In the CoreLogic Property Pulse this week, research takes a look at how, down the track, some of these major mining regions are faring.
According to research, there’s some good news on the horizon with many of mining towns seeing sales volumes lift in some regions and where there are signs that the rate of decline in house prices are starting to slow.
Could this mean that the worst of the price falls in these areas are now in the past?
History shows that mining booms don’t last forever and it would be difficult to find anyone that could suggest the house prices in many of these towns were sustainable during the boom.
At the time, prices were being driven higher by a temporary influx of residents on high incomes and therefore, creating greater housing demand at a time in which supply which was largely irresponsive which drove prices to record high levels.
As the demand subsided supply was beginning to increase which led to substantial falls in both prices and sales.
Below we highlight some of the key statistics for house prices in the selected mining and resource related regions of Australia.
Gladstone – 578 sales over the past year at a median price of $323,875.
Sales volumes are 68% lower than their July 2007 peak and median prices are 32% lower than their September 2012 peak.
Mackay – 1,216 sales over the past year at a median price of $335,000.
Sales volumes are 63% lower than their April 2004 peak and median prices are 23% lower than their June 2013 peak.
Isaac – 198 sales over the past year at a median price of $140,000.
Sales volumes are 70% lower than their March 2012 peak and median prices are 77% lower than their November 2012 peak.
Port Hedland – 204 sales over the past year at a median price of $300,000.
Sales volumes are 49% lower than their July 2006 peak and median prices are 67% lower than their June 2013 peak.

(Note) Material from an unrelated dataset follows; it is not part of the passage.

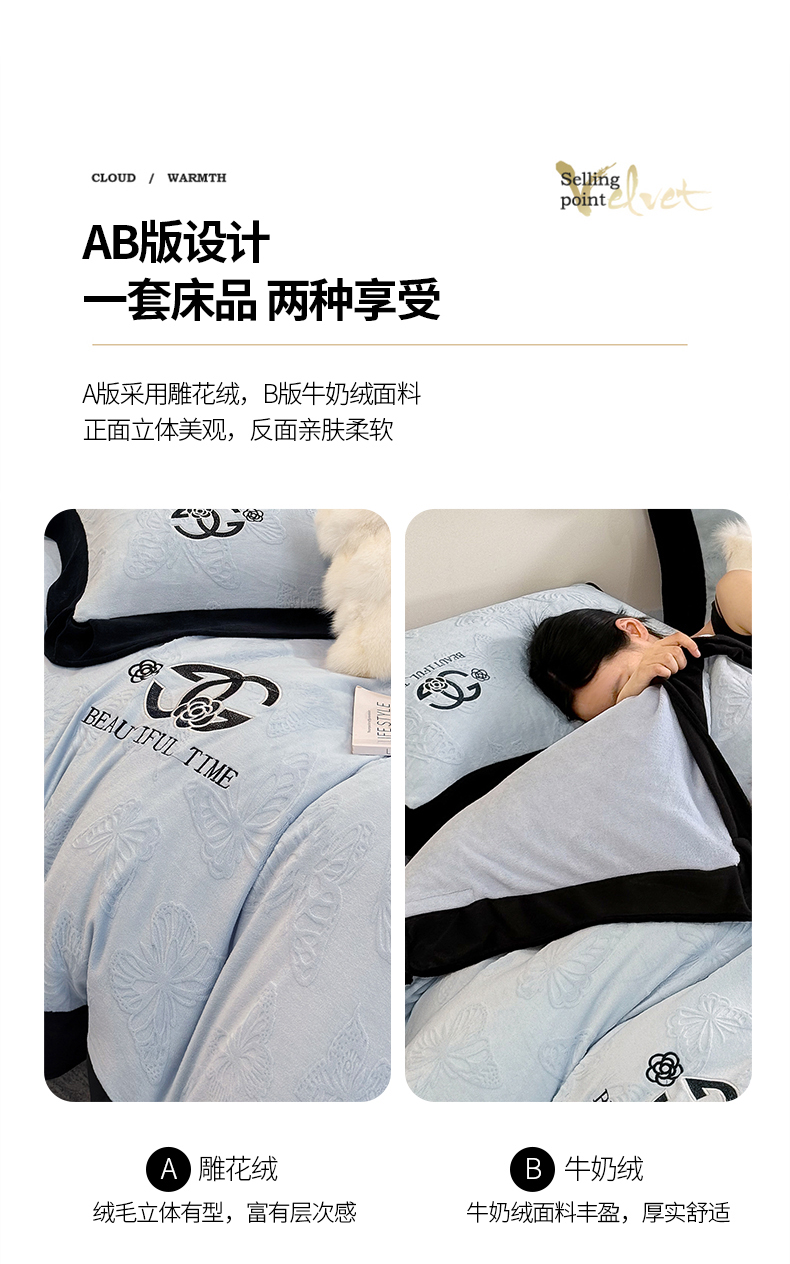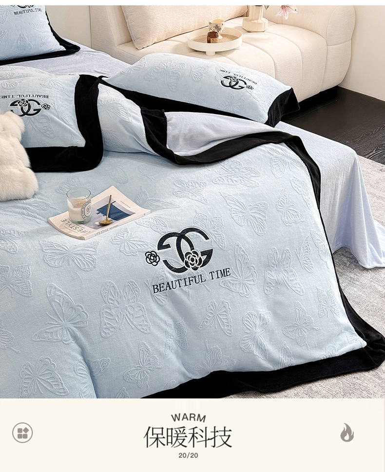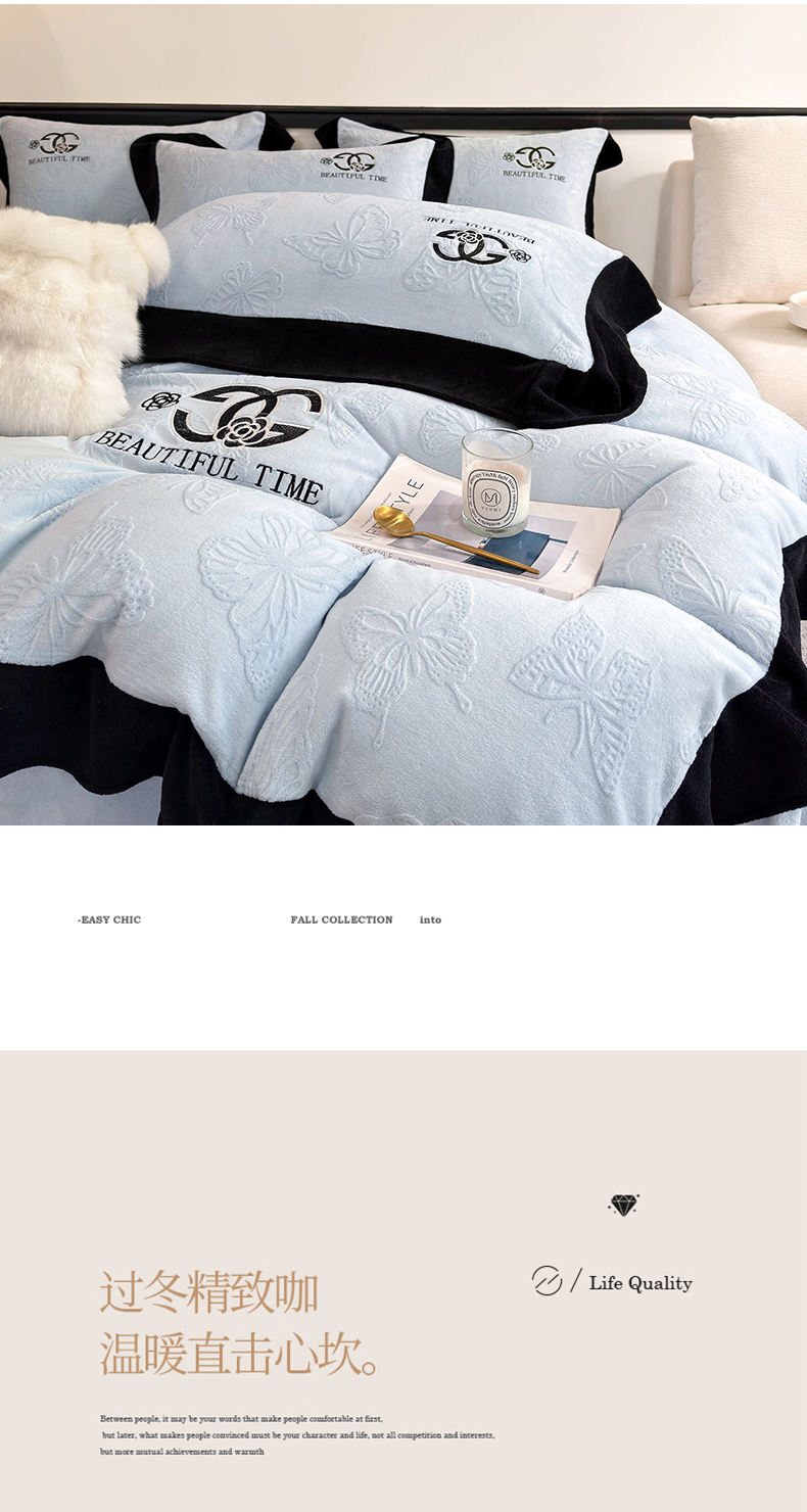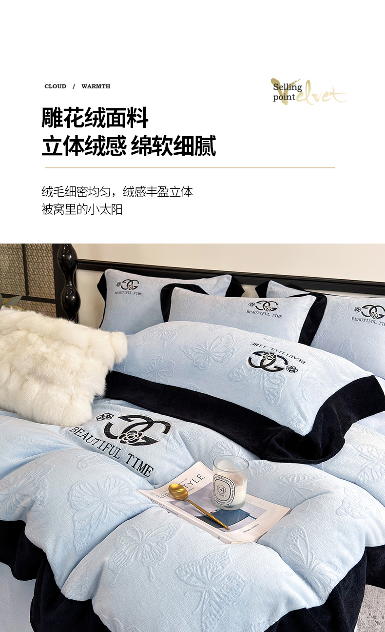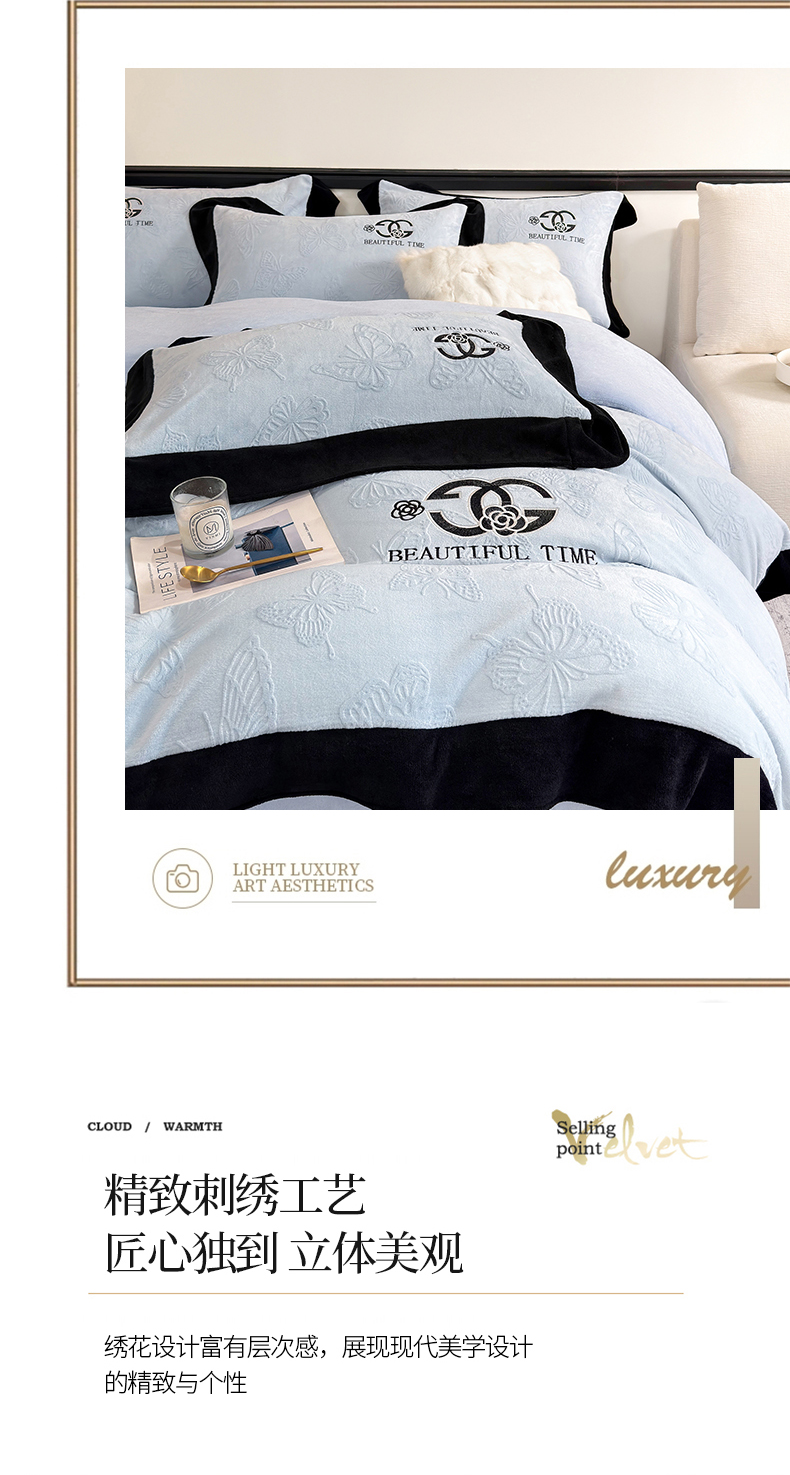 商品名称:优眠坊 2025新款雕花牛奶绒绣花四件套 蝴蝶-蓝
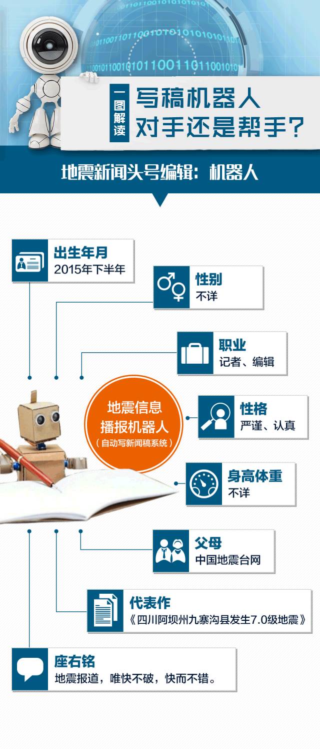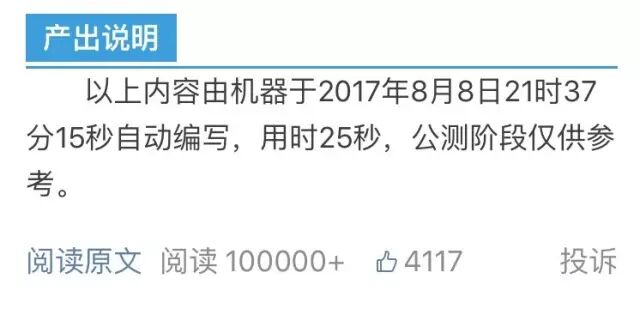 然而,最先发布该消息的是一个写稿机器人,它用25秒写完了关于这次地震的速报,通过中国地震台网官方微信平台推送,全球首发。

Karratha – 289 sales over the past year at a median price of $285,000.
Sales volumes are 44% lower than their March 2005 peak and median prices are 65% lower than their October 2010 peak.
Roxby Downs – 31 sales over the past year at a median price of $225,000.
Sales volumes are 83% lower than their December 2003 peak and median prices are 55% lower than their October 2013 peak.
While each of these markets has recorded a significant fall in sales and selling prices over recent years, more recently each market has started to see sales rise.
While this result is unlikely to represent demand substantial enough to drive prices higher, it may be enough to slow or stop the declines in prices in the short to longer term.
It’s also important to remember that it’s not as if there is no demand for housing in these towns, it’s just substantially lower than it was during the mining boom.
Anyone looking to purchase now is securing a property at a substantial discount from previous highs however, these towns also continue to achieve some of the best rental returns based on current pricing and rents.
There’s very little prospects for capital growth over the coming years, investors looking for a passive income may be becoming more attracted to these markets which could explain the recent uptick in sales.